Saybrook Sage vs Soft Maplewood 5
Saybrook Sage (Benjamin Moore) and Soft Maplewood 5 (Dulux) come from different manufacturers. Hue-wise, Saybrook Sage belongs to the grey family and Soft Maplewood 5 to the beige family. The 22-point LRV gap — 67 for Soft Maplewood 5 vs 45 for Saybrook Sage — means Soft Maplewood 5 will open up a space more effectively. Where Saybrook Sage leans green, Soft Maplewood 5 reads warm — a distinction that shifts noticeably depending on the light source and surrounding finishes. A ΔE of 13.6 puts these firmly in different territory — two distinct design choices rather than close alternatives. Below you'll find 1 real-room photo comparison where both colors appear side by side, plus 5 simulated room previews.

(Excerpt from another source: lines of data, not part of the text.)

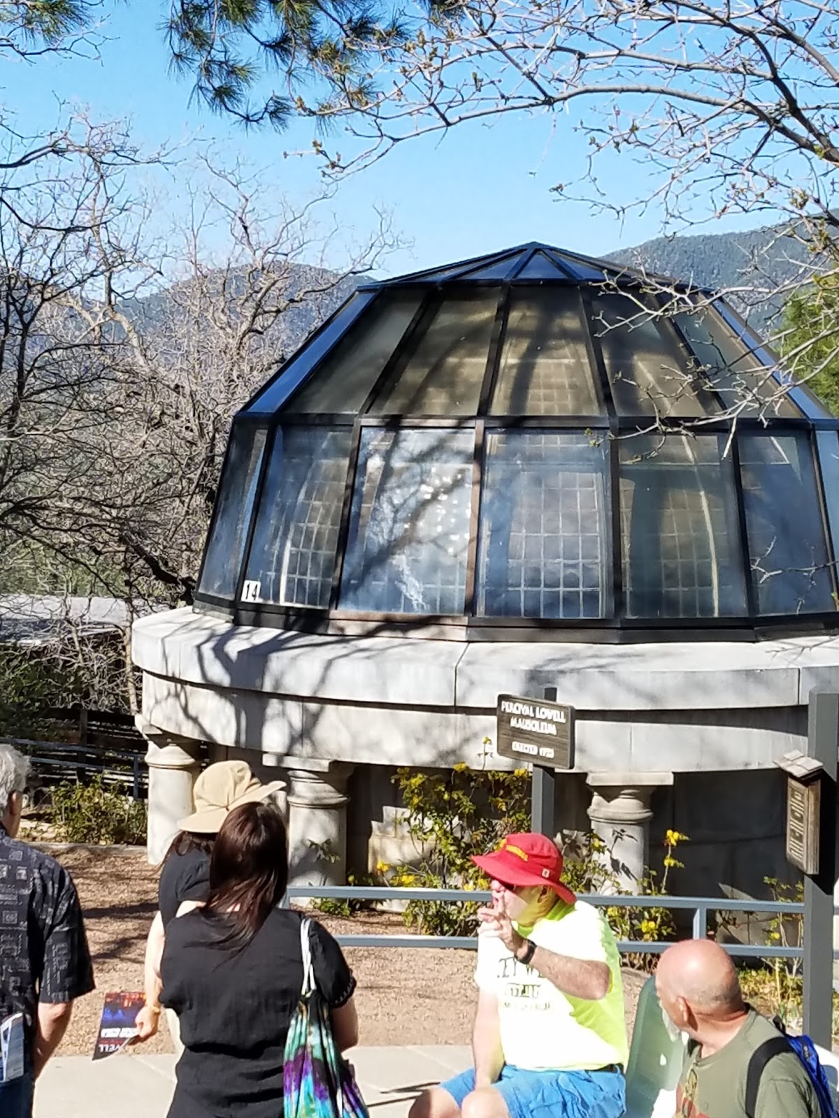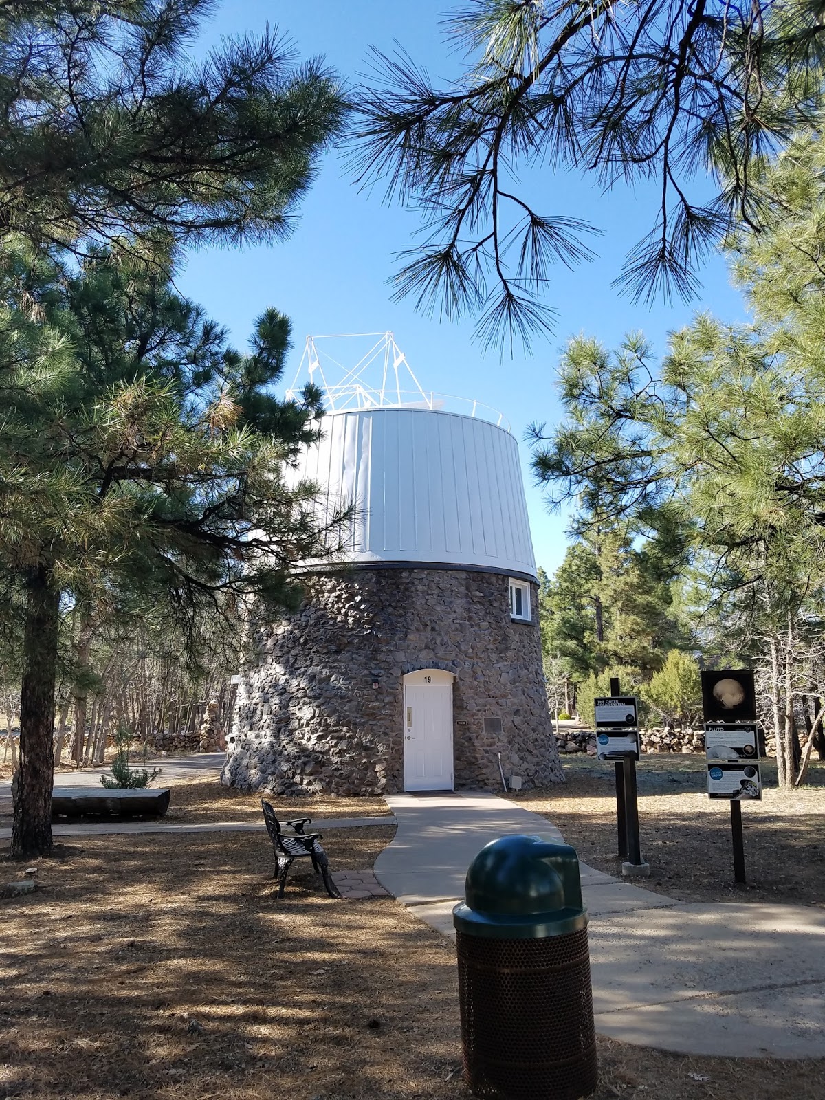 Overlooking the fair city of Flagstaff is Lowell Observatory, perched atop Mars Hill. The founder of the Observatory, Percival Lowell, believed based on changing observations of the planet, that it was occupied by a technologically adept civilization, one which had established canals to route water from its own ice caps to fields further away. He was a wealthy mathematician turned diplomat who had the means to establish his own private observatory, and needed a place which was dry, dark, and high. Flagstaff was ideal. The inspiring early observations of Mars later proved problematic and the conclusion wholly wrong, but the Observatory has done great work over the years since 1894.. It was featured in Carl Sagan’s Cosmos, as the place where Vesto Slipher discovered that galaxies were moving (and more quickly with their distance from Earth), as well as the site of Pluto’s own discovery. The observatory still does scientific work at its dark-skies campuses further from town, but the original site is by no means retired. Instead, it focuses on public education; I was there for four hours listening to lectures and using telescopes to look at solar flares and the stars. I also got to see the original Clark telescope, though it wasn’t available for viewing the night I was there. Sometimes the public can look through it, however.
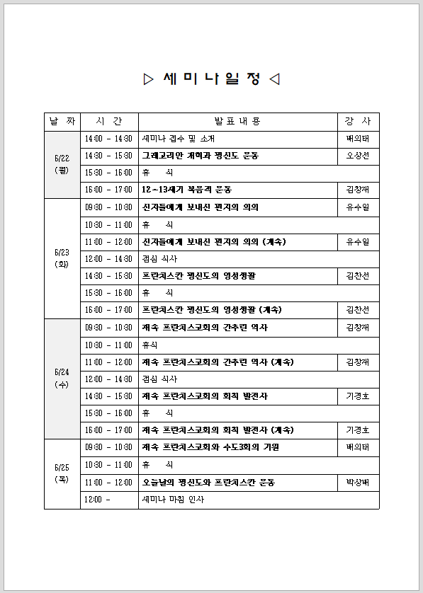 제6차 프란치스칸 영성 학술 발표회 > 영성 학술 발표회-원본
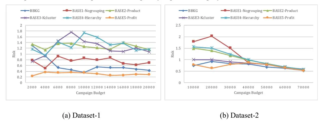 Figure A1. Risk over Campaign Budget by BBKG and Five Baselines
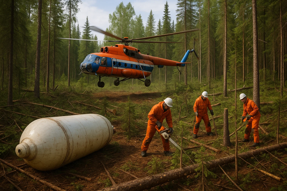 Для вывоза фрагмента пришлось подготовить посадочную площадку. Спасатели спустились методом беспарашютного десантирования, вырубили деревья и расчистили место для вертолета. Экологи проверили уровень радиации — он оказался в пределах нормы.

Saybrook Sage vs Soft Maplewood 5 in Real Spaces
1 real room side by side. Seeing Saybrook Sage and Soft Maplewood 5 in actual rooms makes the difference concrete; browse the spaces below to get a feel for how each color lives on a wall.
Living Room
A living room wall sees more varied light than almost any other surface in the house, which makes the choice between these two more nuanced than a chip suggests. Soft Maplewood 5 reflects noticeably more light off the walls, making the space read more open than Saybrook Sage.
Color Details
Saybrook Sage vs Soft Maplewood 5 Simulated Comparison
5 simulated room previews — drag the slider on each to see Saybrook Sage on one side and Soft Maplewood 5 on the other.
Digital color is approximate. These simulations are generated from the manufacturer's hex values and overlaid on grayscale room photos — your screen's calibration, brightness, and viewing angle all affect how they render. Before committing to either color, test physical samples in your own space under the light you actually live with.
More Saybrook Sage comparisons
See how Saybrook Sage stacks up against other well-photographed colors across different brands and tones.